On June 21, the United Kingdom (UK) and the United Arab Emirates (UAE) announced that they had completed a two-week-long conference focused on improving UAE's money-laundering controls.
UAE's Executive Office of Anti-Money Laundering and Counter-Terrorism Financing (the AML Executive Office), established earlier this year, is working with Her Majesty's Revenue and Customs (HRMC) and the Serious and Organised Crime Network (SOCnet) to address AML/CFT challenges and best practices.
UAE's AML Executive Office was established to oversee the implementation of its National AML/CTF Strategy. The latter aims to tackle the concerns raised by FATF last year, as it placed the country under a year-long observation period. The AML Executive Office carries out its mandate in conjunction with the UAE's existing National Committee for Combating Money Laundering and the Financing of Terrorism and Illegal Organisations (NAMLCFTC) and the Ministry of Foreign Affairs.
UAE isn't the only country holding the UK up as an example.
According to the Brussel Times, Febelfin, the Belgian nonprofit financial sector federation, has launched a consultation platform on 18 June 2021 to fight money laundering and financial crime.

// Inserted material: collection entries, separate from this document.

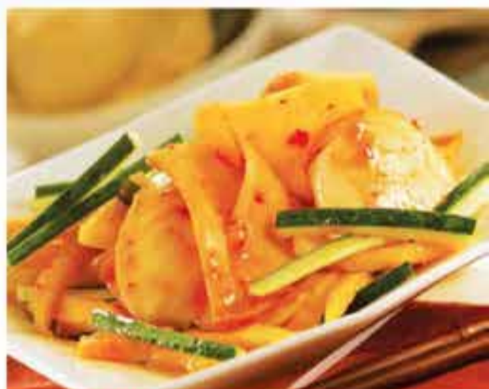
207. 生捞鲍片 Chilled Sliced Abalone with Chef's Special Sauce
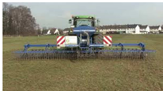
Figure 3. Mechanized Re-Seeding of Pasture Land (Source: Google Photo).

Where plant population has decreased appreciably, seeds may be sown through drilling or broadcasting at the beginning of the rainy season to replace the destroyed forage crops in the pasture as can be seen in Figure 3 [8].
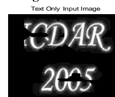
Figure 4. Image with text only using proposed method Comparison with the existing methods
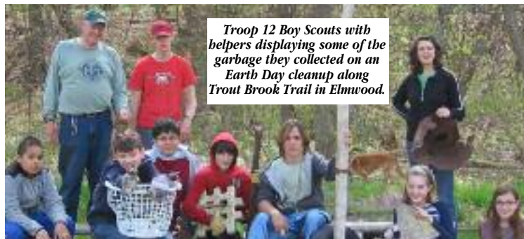
Troop 12 Boy Scouts with helpers displaying some of the garbage they collected on an Earth Day cleanup along Trout Brook Trail in Elmwood.

In addition to the work, everyone was treated to a number of floral specimens

Febelfin hopes that this new platform will foster greater collaboration between the financial industry and government authorities. As such, the nonprofit organization aims to follow UK's footsteps in facilitating information sharing between financial institutions, law enforcement, and regulators. According to Febelfin, this collaboration has enabled UK law enforcement to seize over £56 million and identify 5,000 suspicious accounts.